Я повесил трубку; еще один такой разговор я сегодня не переживу. Но становилось все прохладнее; дул слабый ветер; осень все больше давала о себе знать, особенно по вечерам. Я выдернул из розетки телефонный провод, с наслаждением разделся и лег спать.

7

Я проснулся чуть за полночь, долго лежал, пытаясь уснуть. Но мне не спалось. Я встал, зажег свет, снял с полки сборник старой поэзии, открыл поэму про короля Хорна, потом пошел на кухню и вскипятил чайник. Крепкий чай разбудил меня окончательно, я оделся и вышел на балкон. Было чуть ветрено, очень тихо, пустыня лежала подо мною черной холодной массой. Мои мысли застыли перед тишиной иерусалимской ночи, ее холодом и одиночеством; прислонившись к перилам балкона, я всматривался в дальние огни пустыни, в ее темноту, в ее обманчивую свободу. Но потом я вернулся в комнату; снова полистал книги; но ни читать, ни работать мне не хотелось. Я надел кроссовки, погасил свет и вышел на улицу.

Было холодно.
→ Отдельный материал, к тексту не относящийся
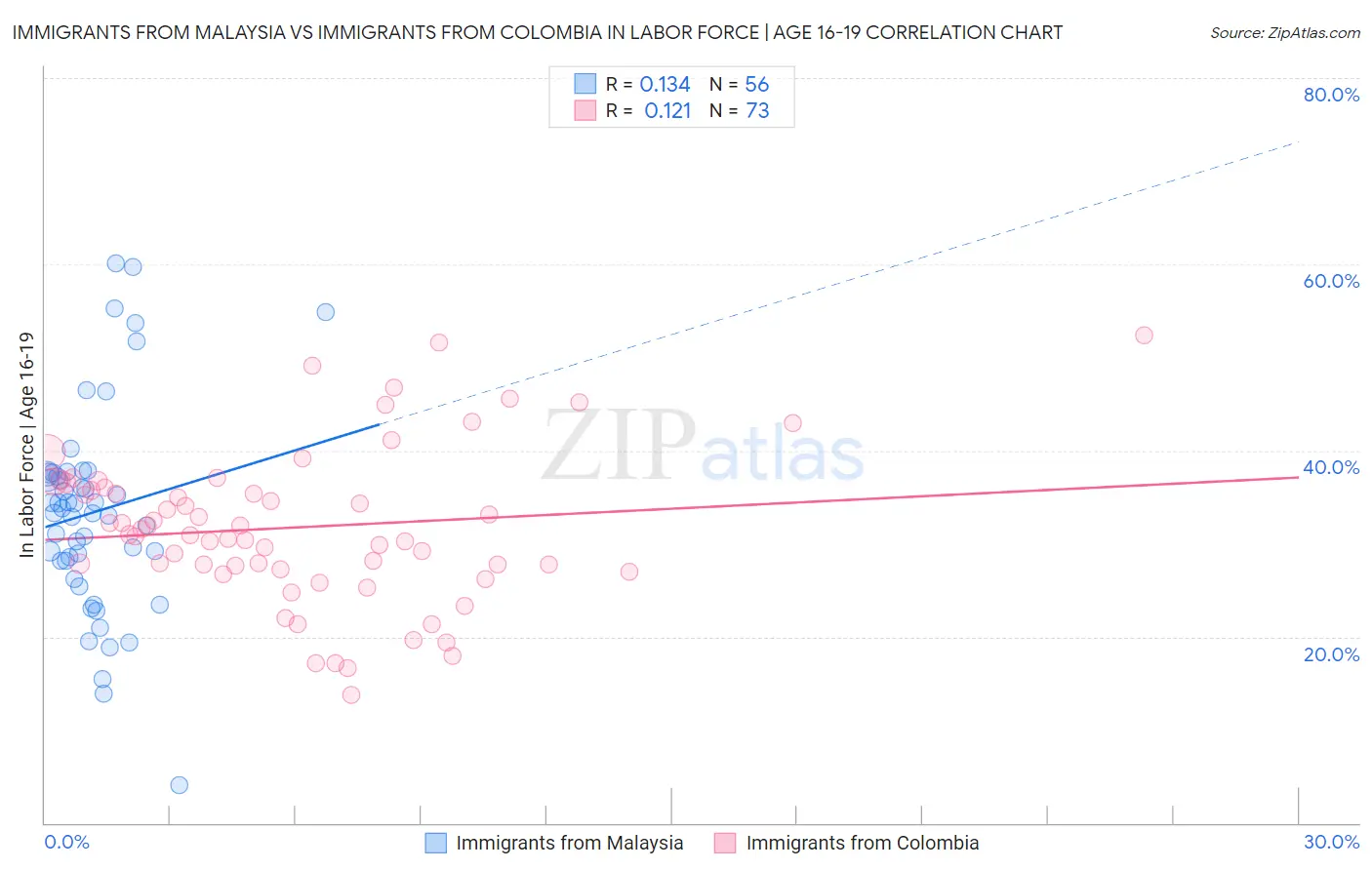Immigrants from Malaysia vs Immigrants from Colombia In Labor Force | Age 16-19 Correlation Chart

Ночной холод обволакивал своим мягким пушистым пледом, осторожным движением касался рук, задерживал шаги, и, повинуясь его воле, я шел медленно, с трудом заплывая в желтые облака фонарного света, сплетенного со светом луны, в качающиеся размытые пятна на прозрачной с голубизной черноте ночного воздуха: по его покою, по его неподвижной тишине я выверял темп своих шагов, настраивая их на тембр ночи: зелени, светящейся болотно-зеленым светом под лучами фонарей, ее пыль была скрыта ночью, пустотой неожиданно расширившихся улиц, выплывающего из окон сонного дыхания жителей предместья, мутного и таинственного движения пустыни. Холод, почти неощутимый вначале, становился все более заметным, и, спускаясь по склону холма, я ускорил шаги. Желтый зрачок луны склонялся к моему лицу, напоминая о полнолунии, ночи, холоде ночи. И завернутая в покрывало холода пустыня под моими ногами казалась морем черноты, бескрайней пустотой, сливающейся за невидимой глазу гранью с пустотой космоса. Спустившись чуть ниже и перебравшись через груды строительного мусора, я вышел на ее край.

За поворотом долины, вокруг гигантских красноватых камней со сбитыми краями и черными следами огня плясали тени, освещенные ярким светом полнолуния; по их хриплым голосам, косматым лапам и резким, разорванным песням я узнал в них сеиров, косматых демонов пустыни. Я знал, что они упоминаются уже у Исайи, и иногда видел издалека их неистовые ритуальные пляски, но так близко я столкнулся с ними впервые. Боясь их испугать или навлечь на себя их терпкий и неуступчивый гнев, я сел на низкий камень у входа в долину.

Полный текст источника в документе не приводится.